I would consider the virtual complete replacement of one pronoun by another, together with its corresponding verb forms, to indeed be a grammatical difference between Latin American and Iberian Spanish. It doesn’t matter if the other form survives in some very limited contexts, or if it is used grammatically in those contexts. This a rather more basic change than the simple use of differenct vocabularies (“truck” vs “lorry”) in English, or differences in spelling (“color” vs. “colour.”)
Similarly, the loss of the “thee/thou” forms in English over the past few centuries is a grammatical change, even though these forms survive in limited contexts (the Bible, Shakespearean plays, and among Quakers). These forms may still be conjugated correctly when they occur (although I suspect that many people wouldn’t know how to do it), but the fact that they are never used in common speech constitutes a shift in grammar.
By your definition any change in language seems to me to be a change in “usage.”
Whatever the case, I think that Spanish shows greater divergence between its European and American forms than English does. This is understandable, since American Spanish began diverging more than a century earlier, and has also been subdivided into more political units that developed in isolation from one another and in some cases from the mother country.
Well, I, a reasonable well-educated native speaker will disagree with you, if I may. The difference between ‘European’ Spanish and Latin American Spanish is not that much when you compare how it is spoken in many countries in America. To my ears Uruguayan and Argentinian Spanish sound more ‘foreign’ than that of Andalusians. Caribbean Spanish is somewhat archaic, more so in rural Dominican Rep., but I have yet to find somebody whose Spanish I can’t understand, I have never seen a movie in Spanish with subtitles in Spanish (something I’ve seen many times in English).
I agree with you that Latin American Spanish is more divergent between the different forms spoken within the hemisphere than American (that is, the forms spoken throughout the hemisphere) English is.

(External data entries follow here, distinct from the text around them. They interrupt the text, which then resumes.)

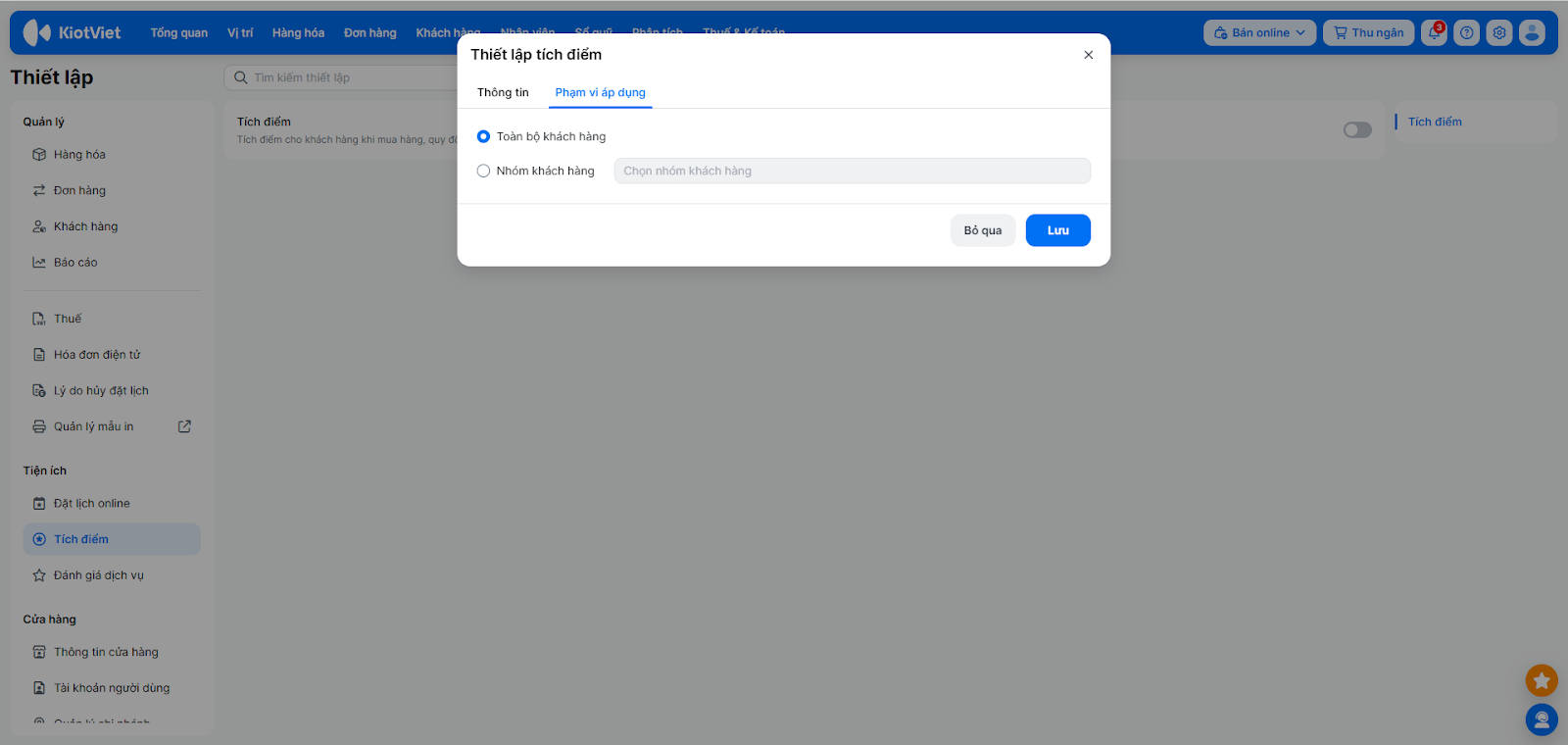 Lưu ý: Cần được phân quyền “Cập nhật tích điểm” mới thực hiện được thao tác này.
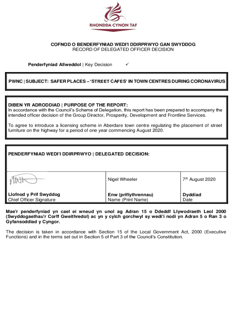 RECORD OF DELEGATED OFFICER DECISIONPenderfyniad Allweddol | Key Decisioning | SUBJECT: SAFER PLACES STREET Cafés IN TOWN Centers DURING CORONAVIRUSDIBEN
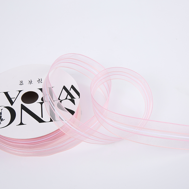 Лента органза 25мм*20ярд Strip розовый
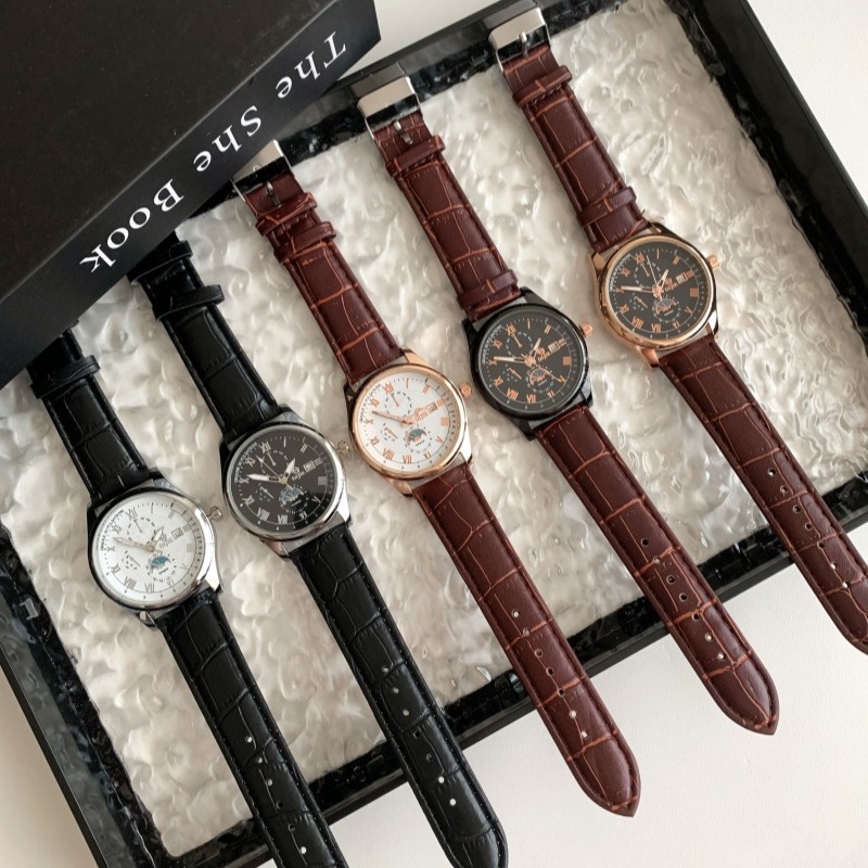 休闲时尚气质瑞士男士手表防水商务皮带石英手表男士日历腕表套装
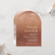 Este convite de casamento moderno, em forma de arco, tem uma sensação quente e pessoal e apresenta um abstrato, design de aquarela, semelhante a reflexões sobre a água. Esse exemplo tem uma paleta de cores gradiente de pêssego pálido a terra escura. Personalize com os nomes da noiva e do noivo, a data do casamento e os detalhes do evento usando o modelo fornecido. Procure ID774 para ver o conjunto de correspondência completo e opções de cor adicionais.
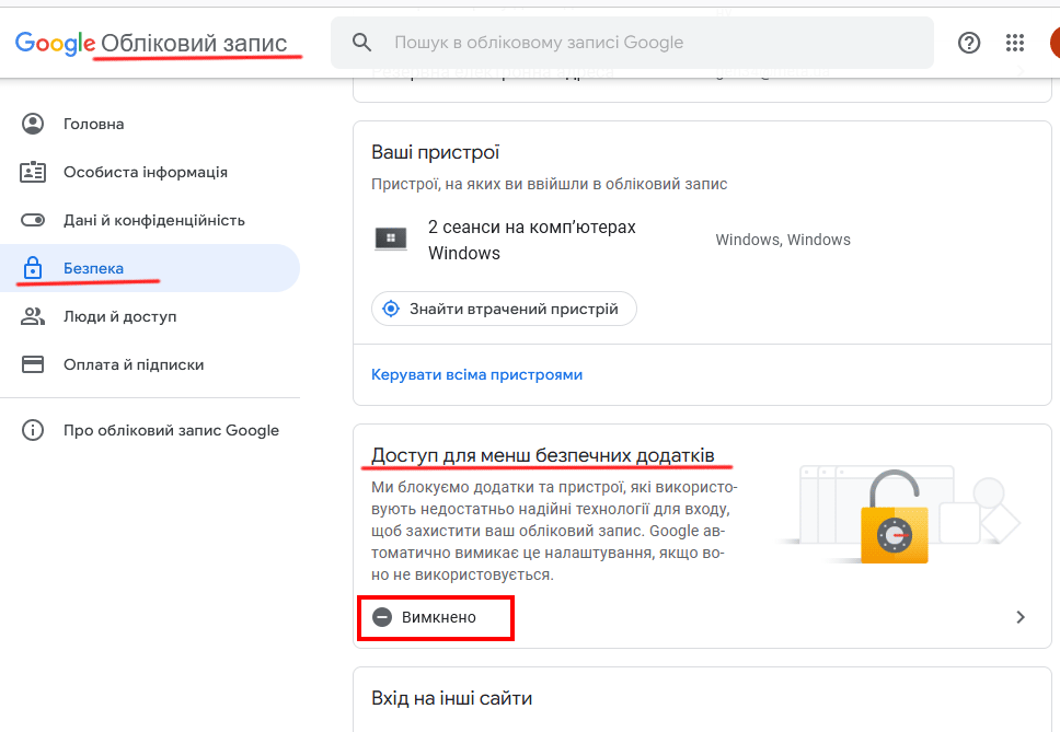 Перевірити стан для менш безпечних додатків у Вашому обліковому запису (аккаунті) Google можна в розділі Безпека.

However, Latin American Spanish in general is also more divergent from Andulusian Spanish (its immediate predecessor) than American English is from the British dialects from which it directly descended (specifically in the case of the ustedes/vosotros distinction). There may be more divergence within Great Britain between the various dialects of English, such as Scots (sometimes even considered a separate language), than there is within Spain for Spanish dialects. And it’s these British dialects of English, not dialects of American English, for which you might need subtitles.
(One might also need subtitles for the Jamaican English Creole, but there are some American Spanish Creoles such as Palenquero that are even more difficult for a Spanish speaker to understand.)
Actually, the quote is properly rendered as “Veni, Vidi, Vici”, and would thus be pronounced “Vain-y, veed-y, veech-y” (as my dad learned it at Cleveland’s Benedictine High School in the 1950’s), or “Wain-y, Weed-y, Wee-ky” (as Dr. Stephens, a political science professor I had in college, said in the way he learned the language under a “prominent Latin scholar” at the University of Chicago).
Just thought up something here that may be confusing all of us – are we equating formal with polite forms? To me, usted and ustedes are “formal”/polite, in that you speak to your elders or the queen in a formal fashion. Granted ustedes has displaced vosotros in Latin America, so it’s used in general, not just for formality and politeness. So, someone way up above said that if they were to hear vosotros used, it would be kind of stodgy and formal.
Is this a regional variation? I was recently on the webpage of a guy who’s Venezuelan, who offers the site in “English” or “Castellano,” and I was wondering.